Frequently asked questions
Why can't immovable property be transferred through a GPA sale?
In Suraj Lamp & Industries (P) Ltd. v. State of Haryana, (2012) 1 SCC 656, the Supreme Court held that a power of attorney creates only an agency and transfers no title, and an agreement to sell creates no interest in property. Immovable property can be lawfully transferred only by a registered deed of conveyance, so a GPA-plus-agreement-plus-will bundle cannot convey ownership.
When does a family settlement need to be registered?
A family arrangement that merely records or recites rights already settled is not compulsorily registrable, as held in Roshan Singh v. Zile Singh, AIR 1988 SC 881, and Tek Bahadur Bhujil v. Debi Singh Bhujil, AIR 1966 SC 292. But an instrument that itself creates, declares or severs rights in immovable property of Rs. 100 or more is a partition deed within Section 17(1)(b) and must be registered.
Is a compromise decree affecting immovable property always registrable?
No. Under Bhoop Singh v. Ram Singh Major, AIR 1996 SC 196, the test is whether the decree merely declares a pre-existing right (exempt under Section 17(2)(vi)) or creates a new right for the first time, especially over property outside the suit's subject-matter (registrable). A consent decree cannot be used to bypass registration where it creates fresh rights.

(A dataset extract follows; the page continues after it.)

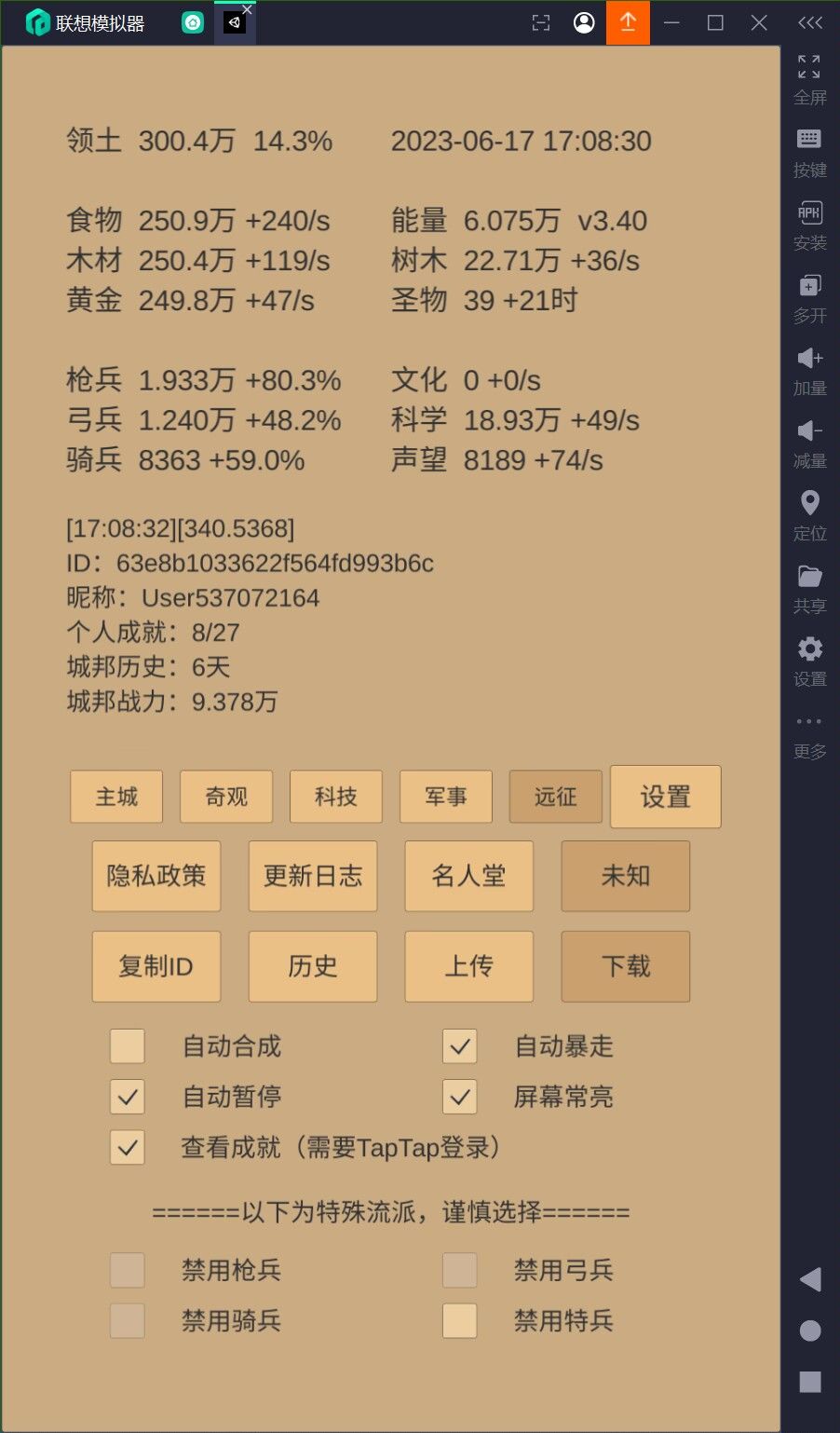 科技流程:白学1级→教育1级→白学14级→建筑6级→指挥3级→军训3级→军阶3级→列阵、抛射、冲锋各1级→推图至290层左右(胜率不低于70bp)→计算你的探索是否可以直接到300万领土,如果可以,便开启探索。

Can an unregistered document ever be used in evidence?
Yes, within the proviso to Section 49. Per K.B. Saha & Sons (P) Ltd. v. Development Consultant Ltd., (2008) 8 SCC 564, it may prove a collateral transaction (such as the nature of possession in a lease), and per S. Kaladevi v. V.R. Somasundaram, (2010) 5 SCC 401, it may be evidence of a contract in a suit for specific performance. It cannot be used to prove the main transaction itself.
Does a Muslim gift of immovable property require registration?

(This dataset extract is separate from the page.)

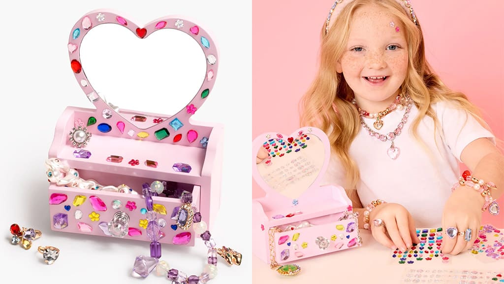 Zasjaj u svojim GRWM (Get Ready With Me) trenucima s ovim mini toaletnim stolićem! Ovaj poseban komad savršen je izbor ako voliš šminkanje, izradu frizura ili jednostavno želiš provesti malo vremena za sebe. Zahvaljujući kompaktnoj veličini lako će se uklopiti u tvoju sobu, a ipak na njega možeš smjestiti sve potrebne dodatke. Bilo da se radi o brzom jutarnjem spremanju ili popodnevnom druženju s prijateljicama, ovaj mini toaletni stolić pruža stilsko i praktično rješenje za svaku priliku. Otkrij svijet sjaja i kreativnosti te si priušti pravi zvjezdani doživljaj u svom domu!Dodaj malo **sjaja** i **čarolije** svojim svakodnevnim danima uz **Mini Vanity Gemify set za izradu rukotvorina**! Ovaj **ružičasti toaletni stolić** sa **zrcalom u obliku srca** djeca mogu ukrasiti **šarenim kamenčićima** i **sjajnim naljepnicama s kristalićima** kako bi ga učinila zaista jedinstvenim. U setu se nalazi **polica** i **praktična ladica** koje su savršene za spremanje dječjih **ogrlica**, **narukvica**, **ukosnica**, kao i **četke za kosu Style and Shine Gemify ukrašene dragim kamenjem**. Ovaj set ne samo da potiče kreativnost, već pomaže i u **organizaciji** i **dekoraciji sobe**, tako da se svaka djevojčica može osjećati kao prava princeza!

No. In Hafeeza Bibi v. Shaikh Farid, (2011) 5 SCC 654, the Supreme Court held that a valid hiba needs only declaration by the donor, acceptance by the donee, and delivery of possession. Writing is not essential, and reducing the gift to writing does not by itself make registration compulsory, though the three essentials must still be proved.
Can a Sub-Registrar cancel a document after it is registered?
No. In Satya Pal Anand v. State of M.P., (2016) 10 SCC 767, the Supreme Court held that the Registration Act contains no power for the registering officer to recall or cancel a registration once effected; he becomes functus officio. The only remedy for an aggrieved party is to approach a competent civil court for cancellation of the instrument.